The result of the application of this legal standard is that Tiffany must ultimately bear the burden of protecting its trademark. Policymakers may yet decide that the law as it stands is inadequate to protect rights of owners in light of the increasing scope of Internet commerce and the concomitant rise in potential trademark infringement. Nevertheless, under the law as it currently stands, it does not matter whether eBay or Tiffany could more efficiently bear the burden of policing the eBay website for Tiffany counterfeits—an open question left unresolved by this trial.8

Thus, the court seems to warn that companies with the capacity to employ Big Data analytics may be compelled to do so to protect fair competition and their commercial marks (indeed, the court noted that Tiffany could have used the same data-mining techniques it suggested eBay employ to protect Tiffany’s trademark).9 In other words, although a company may develop its Big Data capabilities for its own commercial benefit, those same capabilities may require it to proactively protect not only their own separate commercial interests (such as copyrights, trademarks, and patents) but also those of others. This is particularly true when the business model entails the use of another company’s product (and the associated trade rights), such as eBay.

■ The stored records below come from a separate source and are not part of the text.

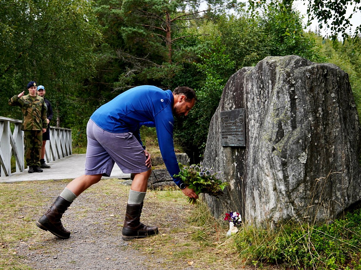 Kronprins Haakon la ned blomster ved minnesteinen i dag.
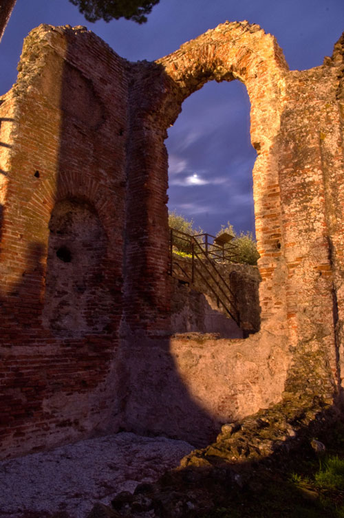 - La luna vista attraverso le rovine di Massacciuccoli romana, uno dei siti archeologici coinvolti nell’iniziativa delle Notti dell’Archeologia 2015
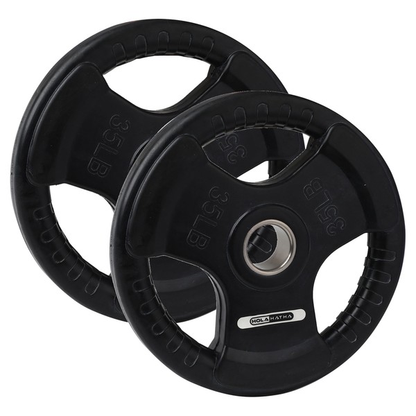 HolaHatha 35-Pound Olympic Rubber Coated Solid Cast Iron Weight Plate with Tri Grip Handle for Full Body Strength Training Workouts (2 Pack)

It is unlikely that any court would require a company to incur extraordinary expense to protect another’s commercial interest. However, if doing so would subject a company to relatively nominal cost, courts will be more likely to assign that obligation on the entity. Thus, companies that employ Big Data analytics should not only consider how those analytics might increase their market share but also consider how the same analytic capability might be employed to deter claims by the public, competitors, and vendors. For example, data analytics can be used to police websites to identify possible breaches and forgeries while also providing the basis to thwart competitive challenges (e.g., if the data analytics not only provides a competitive advantage but also fosters general public knowledge). Further, data analytics may also be employed to assist companies in responding to discovery should litigation ensue.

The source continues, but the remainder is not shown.